DON'T GO NEAR THE WATER COMPANY is stated loudly and clearly by everyone, all locals etc, who knows the score. Which might sound strange to you out there in places like the UK, USA, Oz, wherever, but this isn't even Spain, darlings, this is the Canaries, and they do things differently - very differently - here, or rather, as in this case, DON'T do them, very differently here. But Beloved is Scots, as said, and is not taking advice from anyone, least of all Granny. Off he goes. To be told there's no sign of a contract with them etc etc - in other words the water company have been supplying their produce all these years to some place that according to them does not exist, to people who according to them do not exist - this despite the very same company having installed a meter and the equipment via which the water is pumped in at the non-existent house and even, once or twice, having come and fixed the water problems from time to time for the people whom they claim do not exist. And now, guess what, they have disabled the meter and the equipment that doesn't exist: there's a big red tag attached to the water box at the bottom of Granny's driveway. Which means they have cut the water off. Without, of course, informing the non-existent people they are going to turn their water off. All Granny and Beloved knew was that, suddenly, there wasn't any water. This was/is awkward.
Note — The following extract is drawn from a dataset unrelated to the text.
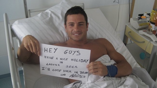 Una pena que no pueda estar en Laguna Seca. Me da que podría darle en morro a todos los locales de la parrilla: Colin Edwards, Ben Spies, Nicky Hayden y a Roger Lee Hayden juntos.
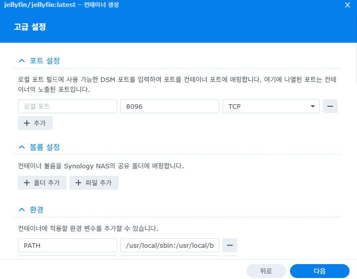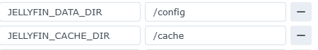6. 아래와 같이 지정해 두면, Jellyfin에서 /config폴더를 사용하는 폴더의 경우, 지정한 폴더를 사용하여 데이터를 저장하고 사용하게 된다.

Now what? Endless hasslings. Vast bills. Take local advice, Beloved. Leave well alone in future. Please. He and some language assistance are down at the water company's ranch this very moment trying to sort something out. Some hope. Meantime it looks like their house will need a visit from the big blue water tanker - the resource of choice - an expensive one - for places and people that according to the water company do not exist; the equivalent of paying for your electricity by pre-paid meter and we all, in England, know about that.

But at least Granny doesn't for the moment have to wrestle with recalcitrant linen.

What a relief.

And at least it's raised her adrenaline to the extent she has managed to write this: which may or may not be a good thing. She couldn't say.

(And, by the way, she knows all these matters are trivial, mostly, compared to the wretchedness of many, at home and abroad. But she does just wish they didn't get her down so. As they do.)